The prostate is a walnut-shaped gland surrounding the urethra that produces components of semen. At different stages in a man’s life, it grows
— first during puberty and then from the age of 25, until, in many cases, the
prostate presses on the urethra. The first sign of the condition is usually
trouble passing urine, or difficulty starting, even when the bladder is full. Untreated,
BPH can cause kidney damage or bladder stones and can seriously affect quality
of life. Treatment often involves drugs, but they can have side-effects.
Around 50,000 men a year end up having surgery to correct the problem, however this carries a risk of impotence and urinary incontinence, as surgery targets areas packed with nerves that control these functions.

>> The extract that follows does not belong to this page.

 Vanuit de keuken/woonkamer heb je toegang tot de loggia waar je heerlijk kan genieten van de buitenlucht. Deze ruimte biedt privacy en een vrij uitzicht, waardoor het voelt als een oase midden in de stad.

The ClearRing is thought to tackle the problem with little or no side-effects. First, under local anaesthetic, doctors insert a catheter — a thin plastic tube — through the urethra, before inserting a thin wire through this. On the end of the wire are a camera and a tiny, deflated balloon. On the outside of the balloon is the ClearRing, a partially opened C-shaped ring made from Nitinol, a soft metal that can be easily expanded. Doctors inflate the balloon once it reaches the narrowed part of the urethra. As it inflates, it increases the diameter of the urethra from a couple of millimetres to well over a centimetre. The metal ring expands by the same amount.
Then the doctor inserts a tiny, T-shaped prong along the wire which fits through the gap in the C-shaped ring. The prong is used to pierce one side of the urethra wall and penetrates a millimetre or so into the prostate tissue. One end of the
ring is then fed through the hole, until the whole ring is buried inside the
prostate, around the urethra. This holds the prostate — well away from the
urethra — and allows urine to flow easily out of the bladder.

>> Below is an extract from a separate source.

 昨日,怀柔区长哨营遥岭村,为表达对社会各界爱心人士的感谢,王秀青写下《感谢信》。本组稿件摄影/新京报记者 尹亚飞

Depending on the extent of the blockage, up to three rings can be implanted in one go and the procedure takes ten minutes. A study in the journal European Urology
Focus by scientists from Pauls Stradins Clinical University Hospital in Latvia
and Rambam Health Care Campus in Haifa, Israel, involved 29 men with BPH who
had failed to respond to drug treatments.
A year after their procedures, the severity of symptoms such as trips to
the loo was reduced by half and quality of life scores improved by more than 50
per cent, with no lasting side-effects. Syed Rahman, a consultant urologist at Spire Leeds Hospital and St James’s University Hospital, said: ‘The initial results are quite promising. It merits consideration in patients with BPH.’